Wednesday, January 21, 2009

Terracotta Usage Amongst Content Portals

TYPICAL REQUIREMENTS:

  1. Content Creation: A combination of
    • User-Generated
    • Feeds from Content Providers (e.g. Movies, Weather from Yahoo etc.)
    • Editorially Generated Content

  2. Content Publishing: On demand, once approved.

  3. Content Portal sites often feature pay-for-content services that imply:
    • User Subscription/Registration.
    • User Authentication and Authorization

  4. Traditional Distribution of Caches that query the DB for User Profile Data and/or Content-Attributes/Specific Content


TYPICAL IMPLEMENTATION:

  1. Typically Content Creation/Publication has been implemented:

    • Against the database in that the CMS publishes to the database and any concomitant caches are thereafter cleared.
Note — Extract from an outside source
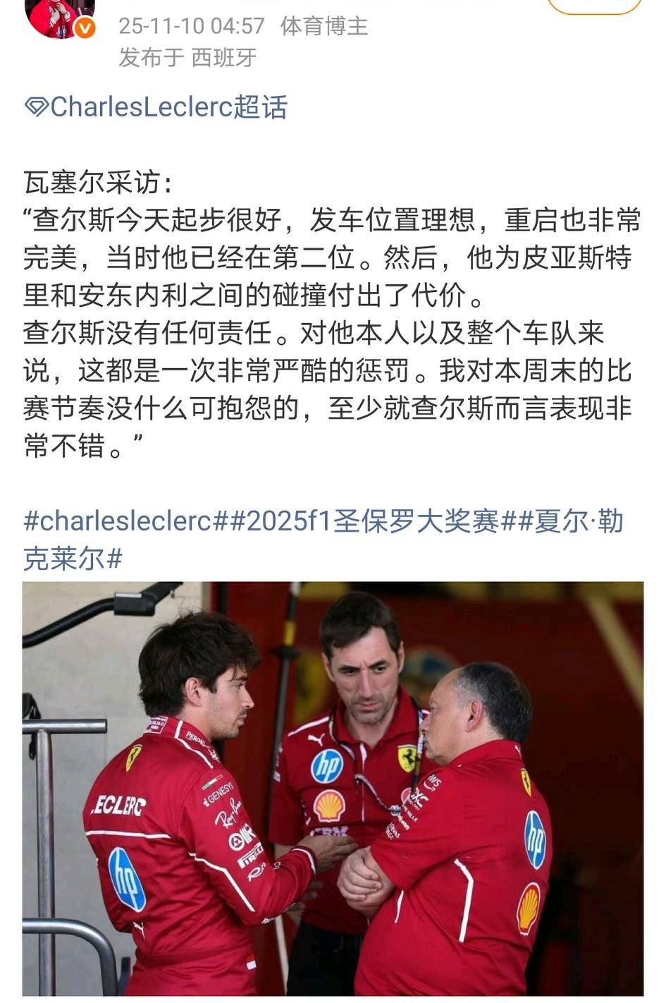 这个周末法拉利确实运气差,双车退赛,乐扣被卷入皮亚和安东内利的事故,无辜躺枪但他却是唯一受害者。 这就是比赛……好在铁佛寺早就对法拉利不抱希望了,想要法拉利夺冠得等国足成功进军世界杯正赛。

This has 2 issues:
      • Database can get overloaded depending on the amount of content streaming in and based on the fact that caches get cleared once the new content gets published, which then results in a spike in database queries.
      • To hedge against spikes, often the caches are cleared only at graveyard-hours on the site. So, often there is a delay between content publication and availability for consumption.


    • With Terracotta:
      • You solve both problems. THE CMS application would publish against in memory Java data-structures which are replicated to JVMs via Terracotta that serve up the content to users of the Content Portal.
      • One thus obviates the usage of the database and cache clearing and hence content is available as soon as possible.


    • Example:
      • Portal consists of multiple portlets. One portlet displays weather. Content for the portlet streams in through a Yahoo Feed. Weather for 5 zip-codes change - publication is done in-memory to Java data-structures. (e.g. to specific elements in a CHM where key is ZipCode, Value is Weather-Forecast Object and the CHM is shared between Publication JVMs and Consumption JVMs).
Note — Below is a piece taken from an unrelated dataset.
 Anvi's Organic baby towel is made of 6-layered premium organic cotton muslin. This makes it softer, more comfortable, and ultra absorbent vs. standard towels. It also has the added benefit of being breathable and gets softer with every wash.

    • Terracotta Solution Considerations (see figure):
      • Publishing Application and Consumption Application are implemented as two different applications.

      • The applications MUST be factored in such a way that both share common data structures that represents the content.

      • Class Loader issues: Since these are 2 different applications, they feature different class loaders - so a common classloader is needed

      • EXAMPLE:
        • Tomcat appserver. CMS app deployed as CMSApp Context Root and Consuming app deployed as UserApp ContextRoot.
        • A class loader is created for each web application. The CMSApp ClassLoader loads all Unpacked-Classes+Resources in the CMSApp/WEB-INF/classes directory & Classes+Jars in the CMSApp/WEB-INF/lib directory of your web application archive, and are made visible to the containing web application, but to no others. The UserApp ClassLoader loads all Unpacked-Classes+Resources in UserApp/WEB-INF/classes and Classes+Jars in UserApp/WEB-INF/lib directory of your web application
        • Given this visibility problem now, you would need to have classes loaded off the Shared ClassLoader, so that all unpacked classes and resources in $CATALINA_BASE/shared/classes, as well as classes and resources in JAR files under $CATALINA_BASE/shared/lib, are made visible to all (and thus CMSApp and UserApp) Web Applications and the Classloader name across CMSApp/ UserApp remain identical (Terracotta requirement)



  2. Subscription and User Authentication and Authorization:

  3. Traditional Distributed Caching: See http://www.terracotta.org/web/display/orgsite/Data+Caching and http://javamuse.blogspot.com/2008/11/distributed-cachingdatabase-offload.html for caching JDBC/ORM querying of the database for Specific Content

  4. Other examples of Terracotta being used in Content Portals include Message Board Clustering (e.g JForum and others) and special case usages.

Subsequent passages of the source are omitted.